_Information provided:_
Content starts

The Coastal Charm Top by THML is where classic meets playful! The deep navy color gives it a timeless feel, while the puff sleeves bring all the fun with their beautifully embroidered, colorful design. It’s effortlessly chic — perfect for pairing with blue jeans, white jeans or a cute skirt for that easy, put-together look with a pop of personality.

Content ends
Content starts

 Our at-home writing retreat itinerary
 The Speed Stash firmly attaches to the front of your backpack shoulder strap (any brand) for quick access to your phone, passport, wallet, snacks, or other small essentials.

Content ends

_What the task requires:_
Your reply is to repeat, unchanged, the lines above running from the one with "Our at-home writing retreat itinerary" up to and including the one with "The Speed Stash".

_Solution to this task:_
 Our at-home writing retreat itinerary
 The Speed Stash firmly attaches to the front of your backpack shoulder strap (any brand) for quick access to your phone, passport, wallet, snacks, or other small essentials.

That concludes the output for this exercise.